╔══

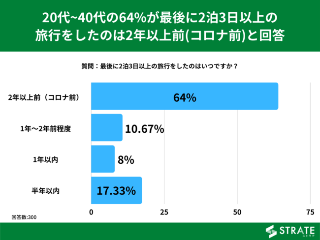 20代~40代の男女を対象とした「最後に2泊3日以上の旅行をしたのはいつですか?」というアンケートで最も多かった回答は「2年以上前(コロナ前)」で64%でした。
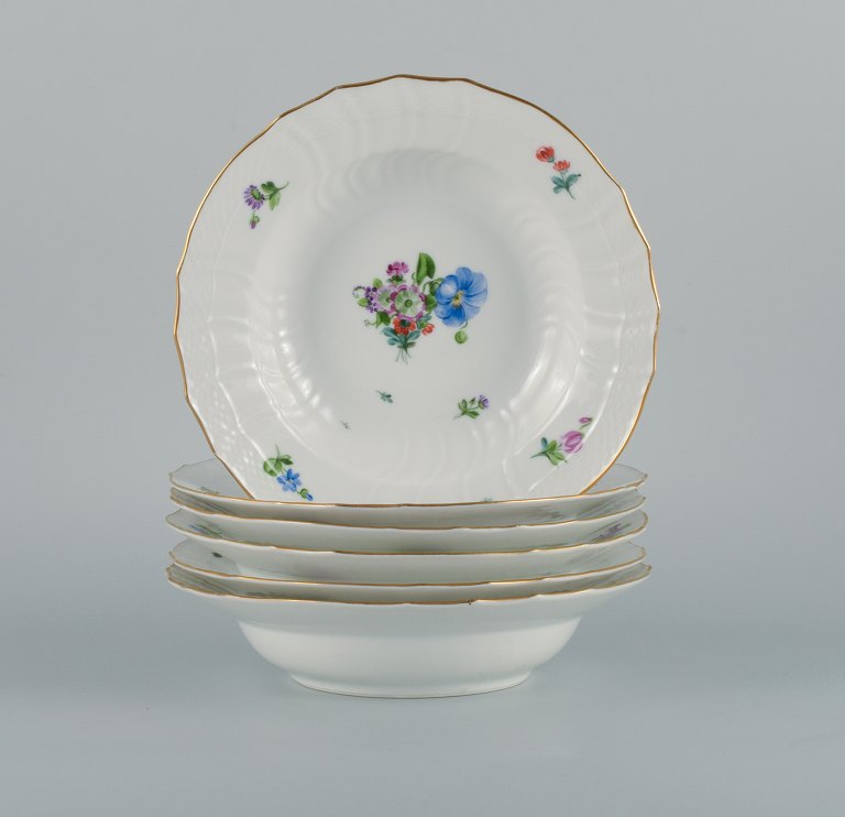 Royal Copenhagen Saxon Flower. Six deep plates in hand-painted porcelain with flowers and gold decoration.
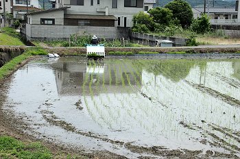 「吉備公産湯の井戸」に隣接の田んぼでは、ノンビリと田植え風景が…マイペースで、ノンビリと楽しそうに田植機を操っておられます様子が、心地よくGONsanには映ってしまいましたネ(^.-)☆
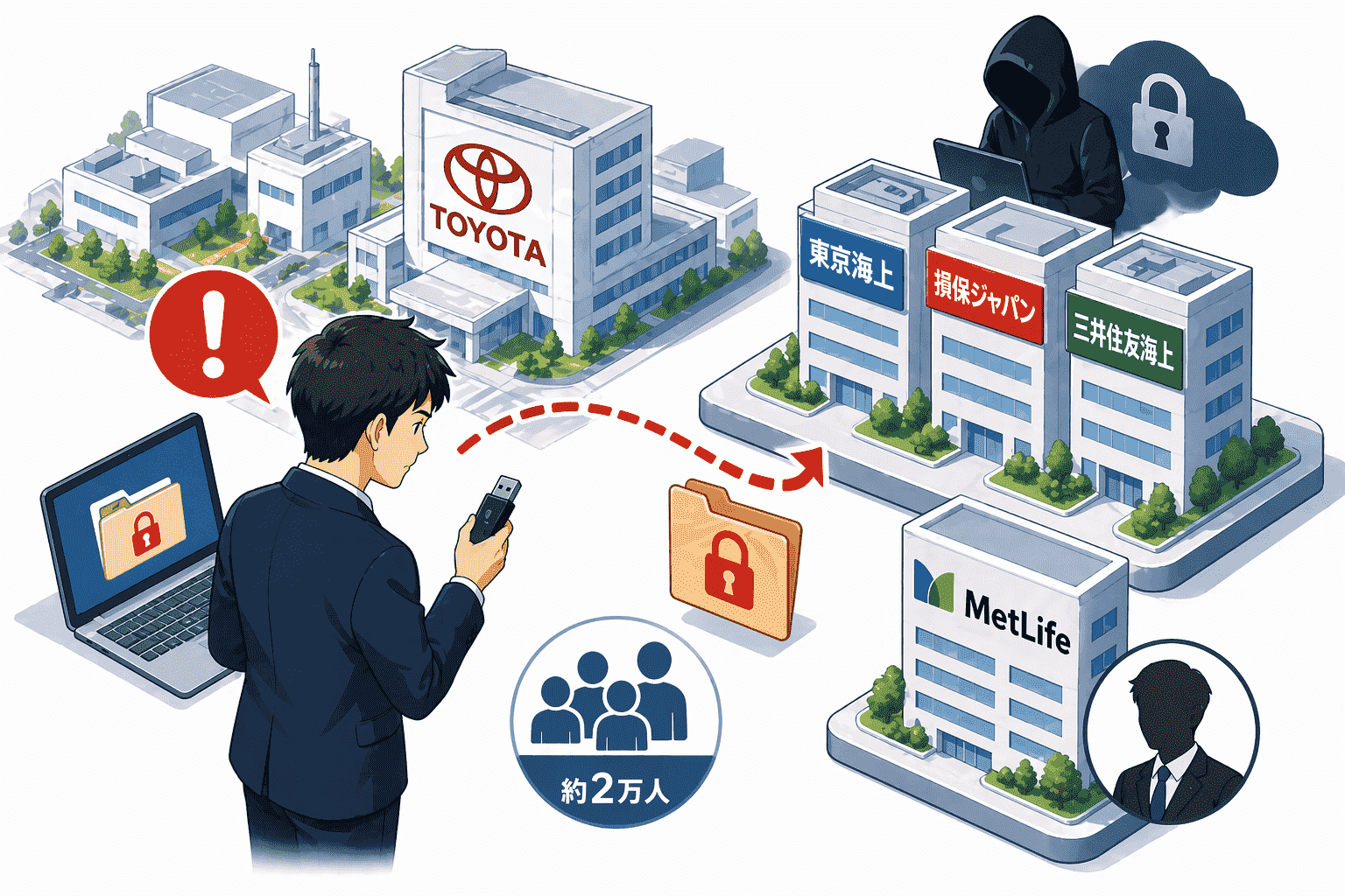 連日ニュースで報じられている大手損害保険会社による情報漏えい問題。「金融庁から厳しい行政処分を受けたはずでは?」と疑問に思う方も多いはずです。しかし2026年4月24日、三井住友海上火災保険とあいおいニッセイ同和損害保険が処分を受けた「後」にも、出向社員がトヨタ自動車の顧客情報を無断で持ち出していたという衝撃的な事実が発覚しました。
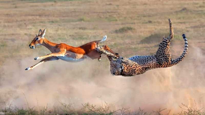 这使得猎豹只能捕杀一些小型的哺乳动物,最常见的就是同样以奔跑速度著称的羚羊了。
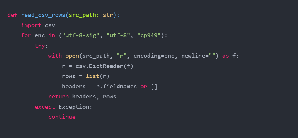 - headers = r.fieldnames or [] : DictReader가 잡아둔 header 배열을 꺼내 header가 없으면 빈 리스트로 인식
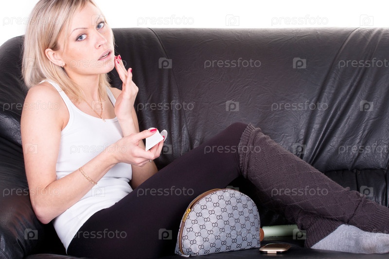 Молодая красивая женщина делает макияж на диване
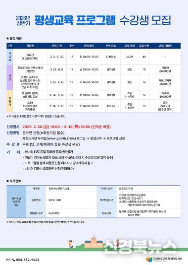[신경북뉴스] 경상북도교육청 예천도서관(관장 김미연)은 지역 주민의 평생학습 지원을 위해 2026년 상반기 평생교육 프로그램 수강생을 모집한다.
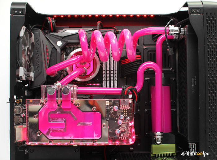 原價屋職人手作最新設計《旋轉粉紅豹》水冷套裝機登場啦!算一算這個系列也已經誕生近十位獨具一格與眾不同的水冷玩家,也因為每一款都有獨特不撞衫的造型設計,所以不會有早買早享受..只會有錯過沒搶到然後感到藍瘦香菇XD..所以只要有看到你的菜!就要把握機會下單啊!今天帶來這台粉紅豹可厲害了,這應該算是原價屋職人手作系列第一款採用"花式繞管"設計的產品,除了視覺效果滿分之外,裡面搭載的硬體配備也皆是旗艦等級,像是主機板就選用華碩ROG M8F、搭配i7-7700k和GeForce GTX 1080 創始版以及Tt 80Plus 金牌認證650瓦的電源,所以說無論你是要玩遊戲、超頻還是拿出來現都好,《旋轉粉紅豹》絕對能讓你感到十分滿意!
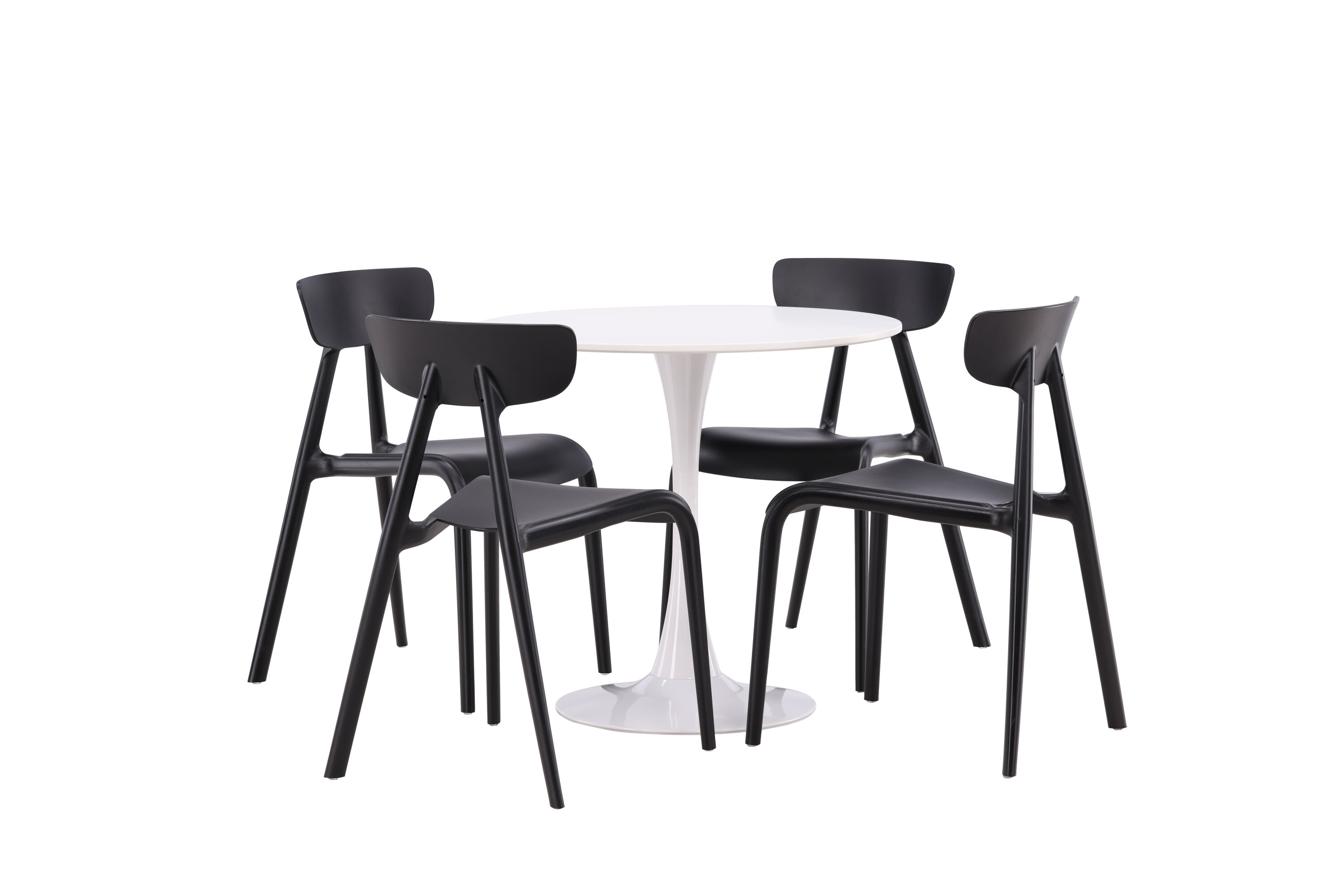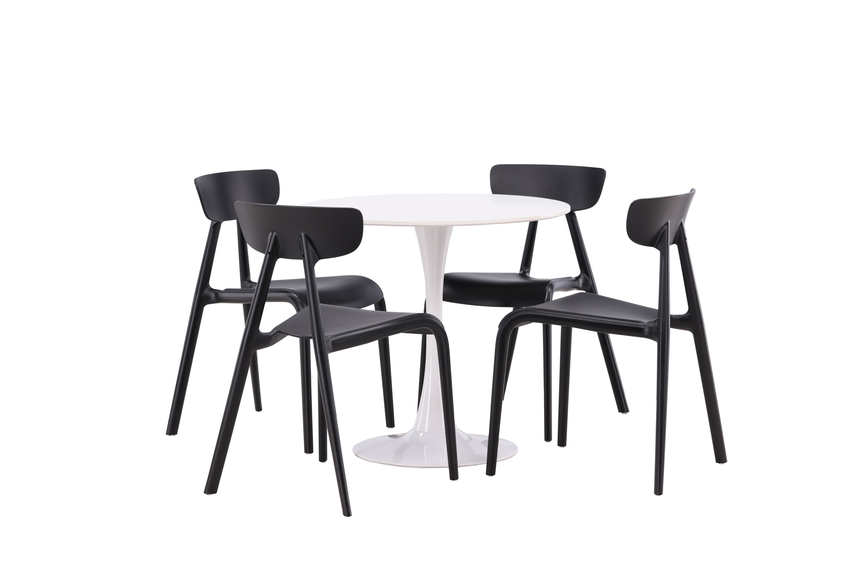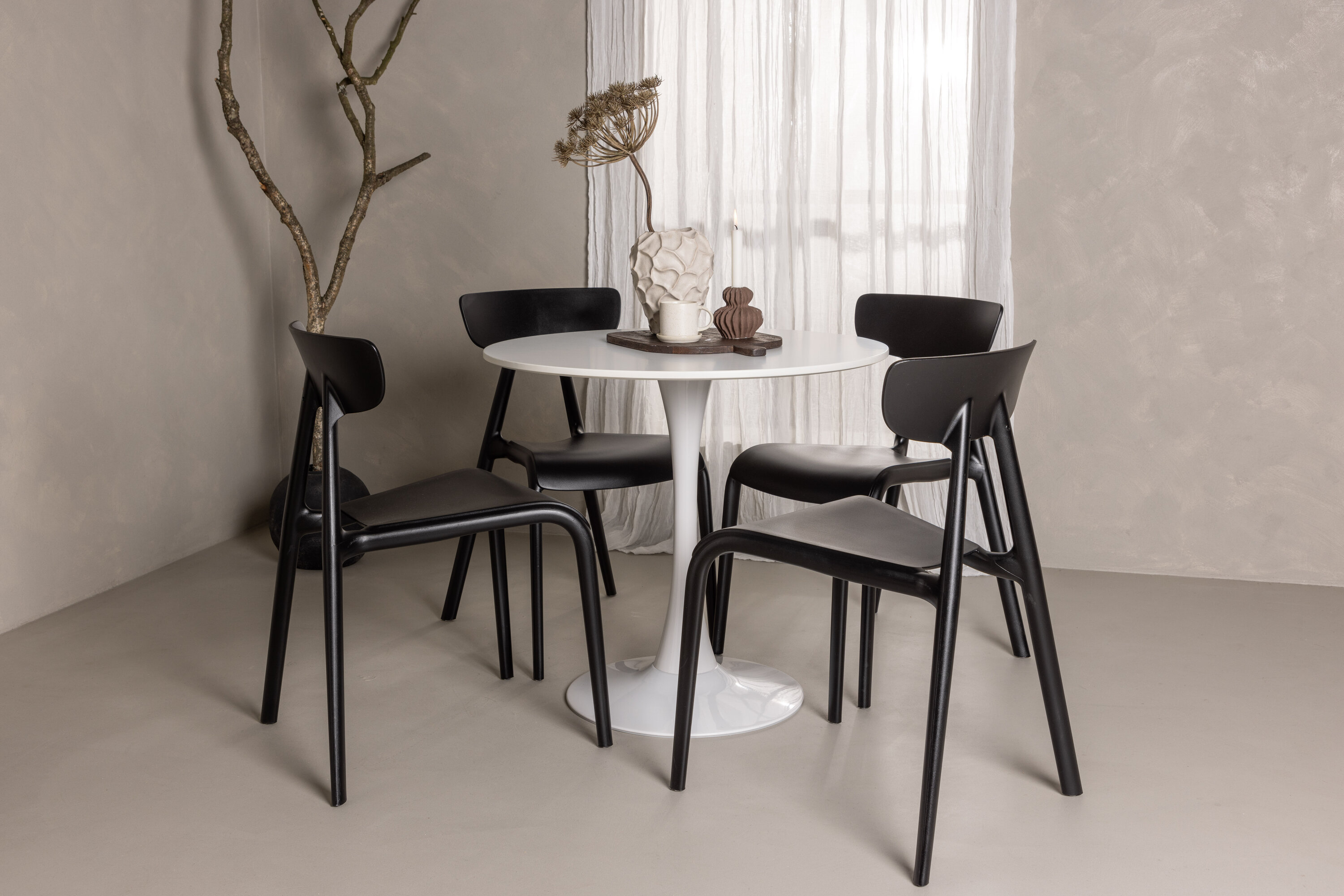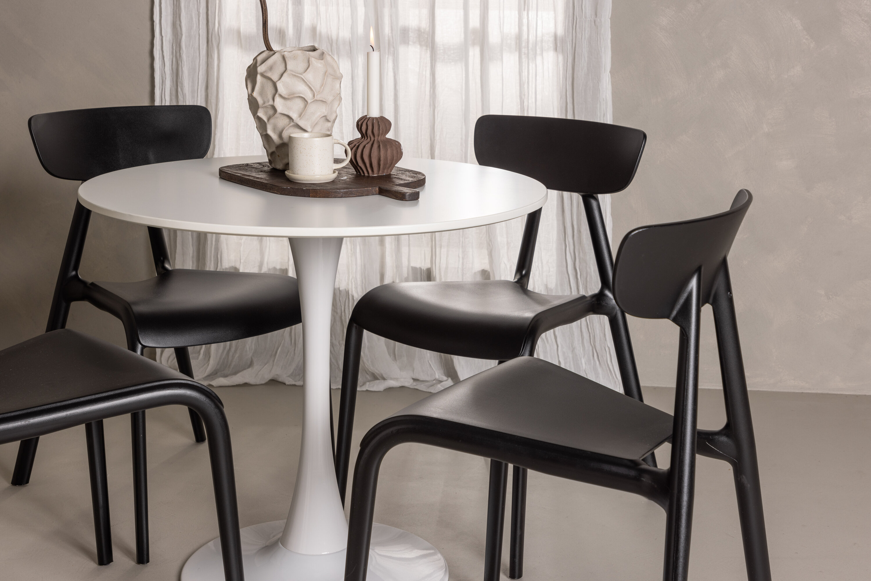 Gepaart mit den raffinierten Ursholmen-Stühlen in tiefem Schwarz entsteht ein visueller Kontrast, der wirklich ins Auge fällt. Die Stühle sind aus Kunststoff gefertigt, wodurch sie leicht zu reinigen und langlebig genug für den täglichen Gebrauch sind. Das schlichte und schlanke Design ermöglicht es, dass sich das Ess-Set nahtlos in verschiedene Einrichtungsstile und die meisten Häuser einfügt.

╚══

## Exercise goal
In the listing above, find the line containing "Молодая красивая женщина". Output it and every line after it up to and including the line containing "M8F、搭配i7-7700k和GeForce GTX 1080", exactly, but skip the pictures.

## Reply to the exercise
 Молодая красивая женщина делает макияж на диване
[신경북뉴스] 경상북도교육청 예천도서관(관장 김미연)은 지역 주민의 평생학습 지원을 위해 2026년 상반기 평생교육 프로그램 수강생을 모집한다.
 原價屋職人手作最新設計《旋轉粉紅豹》水冷套裝機登場啦!算一算這個系列也已經誕生近十位獨具一格與眾不同的水冷玩家,也因為每一款都有獨特不撞衫的造型設計,所以不會有早買早享受..只會有錯過沒搶到然後感到藍瘦香菇XD..所以只要有看到你的菜!就要把握機會下單啊!今天帶來這台粉紅豹可厲害了,這應該算是原價屋職人手作系列第一款採用"花式繞管"設計的產品,除了視覺效果滿分之外,裡面搭載的硬體配備也皆是旗艦等級,像是主機板就選用華碩ROG M8F、搭配i7-7700k和GeForce GTX 1080 創始版以及Tt 80Plus 金牌認證650瓦的電源,所以說無論你是要玩遊戲、超頻還是拿出來現都好,《旋轉粉紅豹》絕對能讓你感到十分滿意!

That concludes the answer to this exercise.